К 1956 году Мингусу неоднократно довелось записаться в качестве лидера, но я сознательно проигнорирую в тексте эти пластинки, так как они, вероятно, представляют лишь исторический интерес и практически не отличаются от тех записей, где он присутствовал в качестве сайдмена. А вот в 1956 году на Atlantic выходит Pithecanthropus Erectus, первая действительно важная его сессия.

Заглавная композиция представляет собой то, что называется tone poem, симфоническая поэма, — одним словом, сюжетное произведение. Концепция заключается в том, чтоб иллюстрировать путь человека от Homo erectus через возвышение и обратно к ничтожному состоянию. Чарли Мингуса всегда будут называть самым легитимным наследником Эллингтона, и уже здесь это проявляется в полной мере: пышный, тембрально разнообразный дюковский романтизм. Но настоящей инновацией стало включение сюда управляемой «свободной» импровизации: музыканты могли свободно играть, исходя из некоторой стартовой схемы, набора фраз. Этот управляемый хаос, как я еще не раз покажу, станет фирменной чертой Мингуса. Не менее примечательна и A Foggy Day, в которой музыканты создают эффект настоящей городской musique concrète. Состав тут, кстати говоря, весьма и весьма: молодые Джеки Маклин и Мэл Уолдрон, например.

Немало концептуальности присутствует и в следующей студийной записи Мингуса, The Clown.

На заглавном треке американский ведущий Джин Шеперд рассказывает частично сымпровизированную историю про некоего клоуна и его злоключения. Спустя 64 года этот эксперимент звучит, конечно, очень наивно и не очень убедительно. Гораздо интереснее на этом альбоме композиция Haitian Fight Song. Это главный «бэнгер» Мингуса за всю его карьеру. Слушатель может обратить внимание на то, насколько вокалоподобно звучат инструменты, начиная от самого Мингуса, который выдает лаконичные, четко артикулированные соло, и заканчивая духовой секцией тромбониста Джимми Неппера и саксофониста Шафи Хади — это еще одна характерная черта музыки, которую играли ансамбли Мингуса. Своим существованием эта черта обязана все тому же госпелу.

Кстати, именно с Неппером связана одна из классических историй, которой обычно поясняют, почему Мингуса зовут Angry Man of Jazz. Как-то раз Мингус в приступе гнева выбил ему зуб. Джимми навсегда потерял возможность играть верхнюю октаву своего инструмента, но к Мингусу все равно через определенное время вернулся. В этом был весь Чарльз Мингус — его личность и его характер могли вызывать и ненависть, и преданное обожание.

Наверное, второй наиболее известный альбом Мингуса этого периода это Mingus Ah Um.

Better Git Hit in Your Soul — еще одна экстатическая, пропитанная госпелом композиция в размере 6/8. Вслушайтесь в нестройный унисон духовой секции; обратите внимание, как солист выходит в центр и все, кроме хлопков, стихает.
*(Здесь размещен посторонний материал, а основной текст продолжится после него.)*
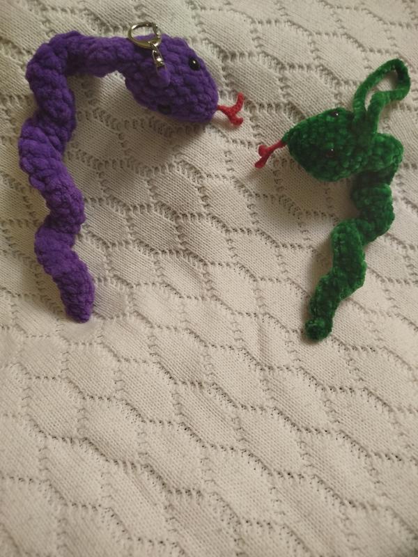 Очень красивые змейки, в форме брелка и подвески. Символ 2025 года и отличный подарок для ваших знакомых и близких. Брелок можно носить на сумке, подвеска будет прекрасно смотреться на новогодней елке. Длина фиолетовой змейки примерно 27 см, зеленой – 21 см. Более длинная игрушка изготовлена из плюшевой пряжи, та, что покороче - из велюровой, глаза на безопасном креплении. Можно изготовить в других цветах как с подвеской, так и с карабином. Смотрите мои другие объявления (имеются меньшие змейки-спиральки и змейки в новогодних шапочках). Цена может быть ниже, если заказывать несколько змеек.

Остальные вещи здесь тоже блестящие, это классика: Goodbye Pork Pie Hat, самая известная композиция Мингуса, посмертный трибьют Лестеру Янгу, ставший стандартом, изящная и тембрально насыщенная; стремительно ухающая Boogie Stop Shuffle; по-новоорлеански игривая Jelly Roll; протестная Fables of Faubus, обличающая тогдашнего губернатора Арканзаса, ответственного за историю с «Девяткой из Литл-Рока» (еще у нее есть текст, но его в этот релиз не допустил лейбл).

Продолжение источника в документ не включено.